Monday, October 05, 2009

Rules of the game

I'm a creature of habit. Or more specifically, routines. If I remember correctly my younger years, this has been sort of a gradual thing. I don't remember having rules in my life the way I do now when I was in my twenties, or even my early thirties. I think that somewhere around when I started to realize this single thing was really going to stick they started to kick in.

My old roommate Sonia told me a story about her older sister when we were in our early twenties. Her older sister was the ripe age of thirty at the time, and hadn't yet married. Sonia told me her sister wouldn't marry her current beau because, you know, when you get old you become more set in your ways. Thirty. Dang.

I don't think that my routines are that out of line, but that Marsha seems to think that some of the rules that I set for myself are a little over the top. But I don't think it's unreasonable to not turn on the heat or add the blanket to my bed before November 1. This is Oregon, for crying out loud.

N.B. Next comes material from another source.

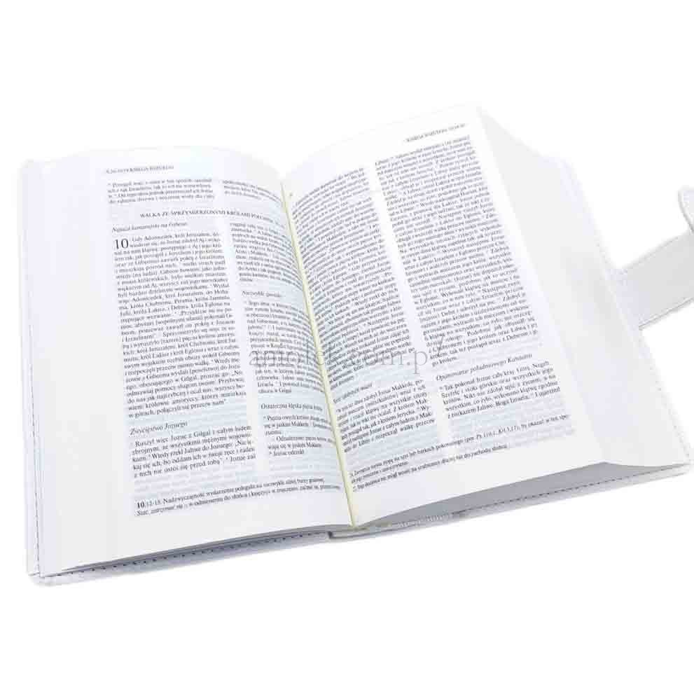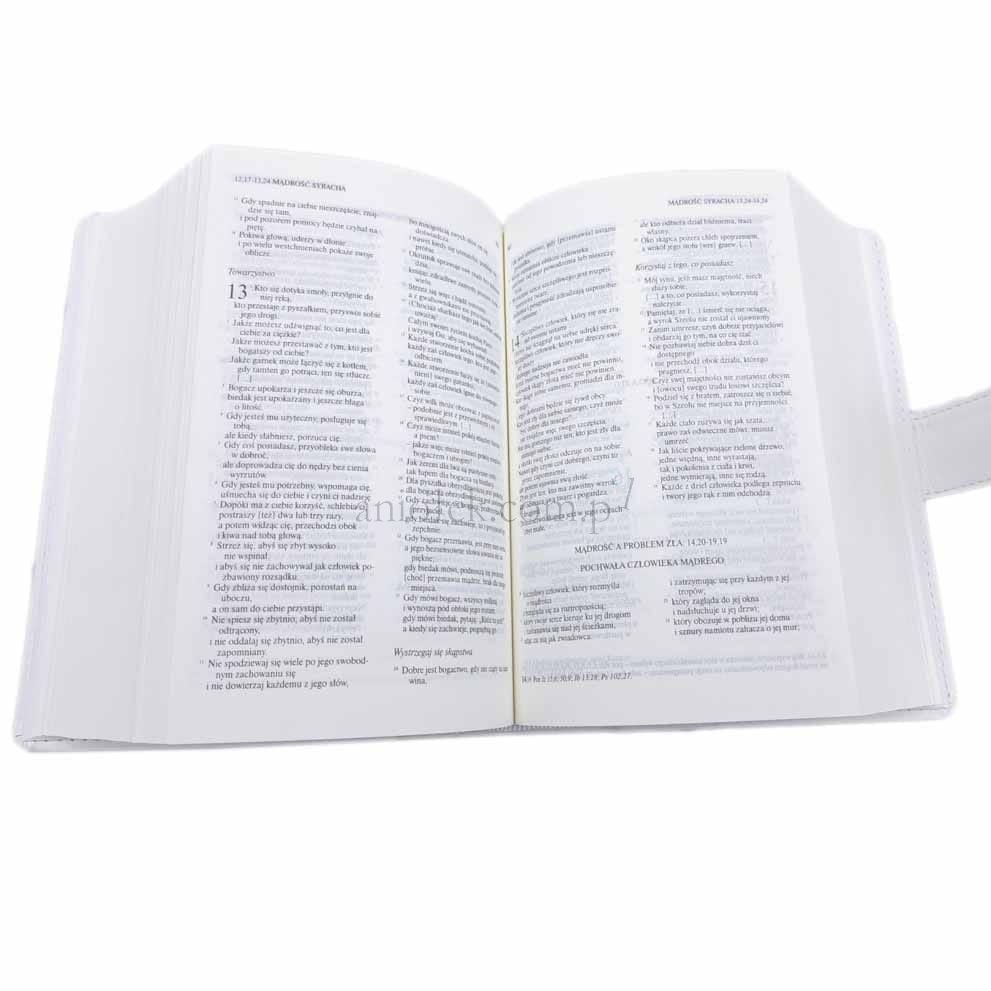 Biblia Poznańska to jednotomowa edycja Pisma Świętego, która zyskała powszechne uznanie dzięki doskonałemu przekładowi oraz wstępom i komentarzom autorów. Wydanie jest pięknie oprawione w białą ekoskórę z złotymi napisami i zamykane na magnes. Na wewnętrznej stronie okładki można zamieścić grawerowaną dedykację, wykonaną według życzenia.

Temperate. Sure I am always cold and currently can't feel my fingers, but it's the principle of the matter.

Every morning when I get up I do the exact same thing - brush-teeth-wash-face-put-in-contacts-turn-on-shower-undress-shower-towel-in-hair-lotion-redress-make-coffee-take-vitamins-feed-cats-dry-hair-read-email-plug-in-curling-iron-scoop-litter-read-news-curl-hair-makeup-face-dress-read-more-news-put-on-jewelry-go-to-work. I have rules about which coffee place I go to depending on where I am working, which result in specific driving routes. I do my dangedest to be to work between 7:15 and 7:30, depending on the office I'm in. If I take a lunch I take it at approximately the same time every day, again depending on the office, but I don't stick too much to that. When I get home, though I do immediately change into houseclothes, the evening is pretty mixed until 9:30 when the get-ready-for-bed routine takes over. I don't think I am any different than anybody else, really, I mean, what is life without some kind of order? Chaos, that's what. And my work life is chaotic enough.

Maybe that's why when I get up on Sunday morning I take the far corner of the fitted sheet with me so that the bed is half-stripped by the time I am half way to the bathroom. Maybe that's why I won't wear socks or a coat until December 1. Maybe that's why the cats don't get their wet-food treat until promptly 9pm, no matter how much they meow. And maybe that's why I HAVE to be in bed by 10pm, and at 11pm, even if I am not tired enough to sleep or the show on TV is really interesting, I take off my glasses, turn down the sound, roll over and close my eyes.

Order. Routine. Rules. They're all comfortable. They're all safe. They're all a little bit of normalcy in an otherwise not so normal existence.